▸ **Exercise description**: Print, exactly as they stand, the lines below from the one that has "Das Erdgeschoss wird" to the one that has "1. Install the", inclusive, leaving out the pictures.

▸ **Material supplied**:
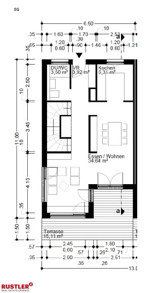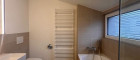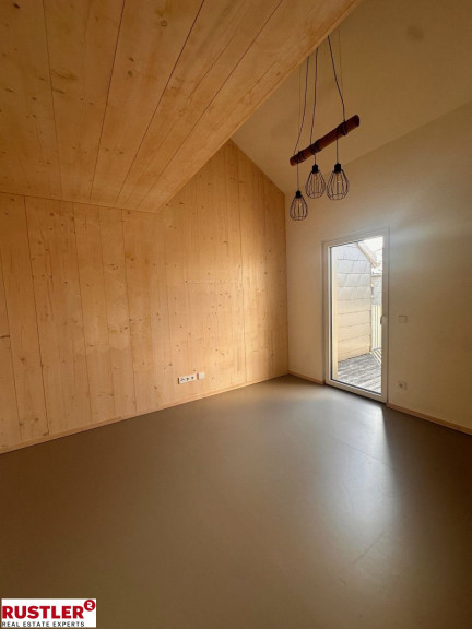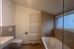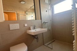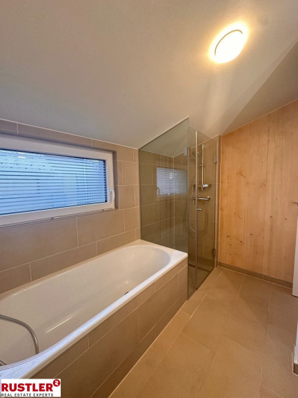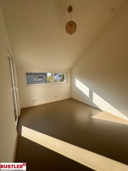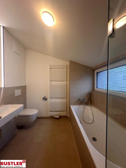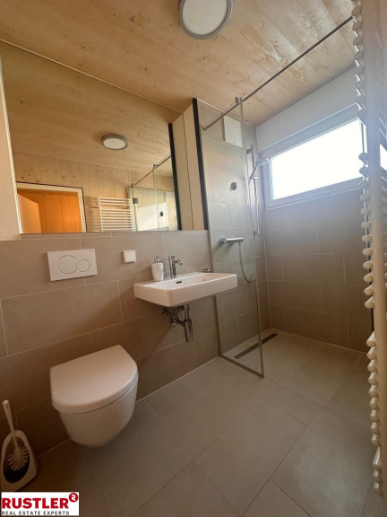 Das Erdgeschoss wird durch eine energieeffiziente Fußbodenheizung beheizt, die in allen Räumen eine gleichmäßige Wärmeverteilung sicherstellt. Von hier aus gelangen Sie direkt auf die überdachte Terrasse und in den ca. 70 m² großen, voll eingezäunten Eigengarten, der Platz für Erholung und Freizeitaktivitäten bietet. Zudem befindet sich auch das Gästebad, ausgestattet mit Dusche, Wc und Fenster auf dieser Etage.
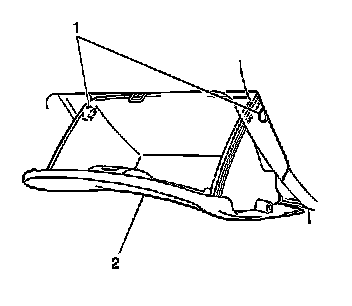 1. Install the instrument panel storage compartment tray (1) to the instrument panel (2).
* * *
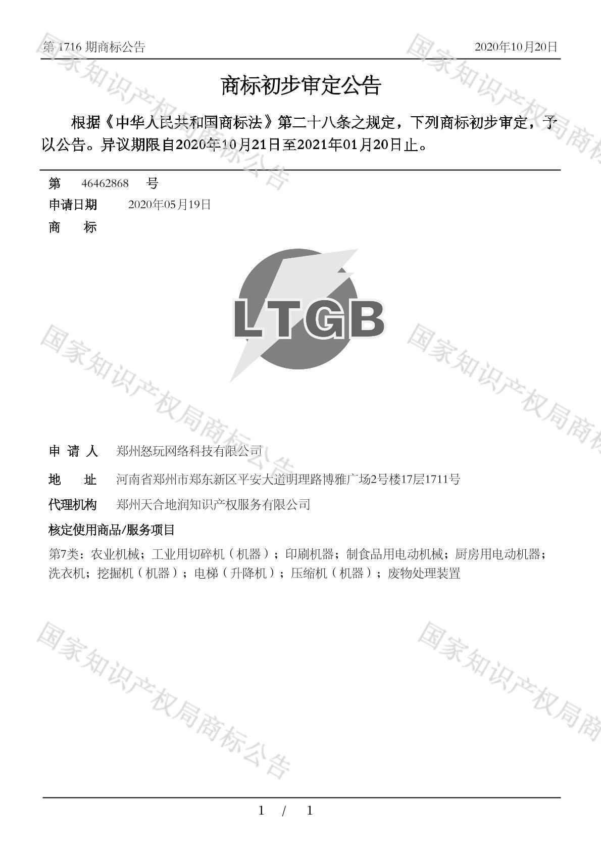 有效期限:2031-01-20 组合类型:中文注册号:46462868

▸ **Written solution**:
 Das Erdgeschoss wird durch eine energieeffiziente Fußbodenheizung beheizt, die in allen Räumen eine gleichmäßige Wärmeverteilung sicherstellt. Von hier aus gelangen Sie direkt auf die überdachte Terrasse und in den ca. 70 m² großen, voll eingezäunten Eigengarten, der Platz für Erholung und Freizeitaktivitäten bietet. Zudem befindet sich auch das Gästebad, ausgestattet mit Dusche, Wc und Fenster auf dieser Etage.
 1. Install the instrument panel storage compartment tray (1) to the instrument panel (2).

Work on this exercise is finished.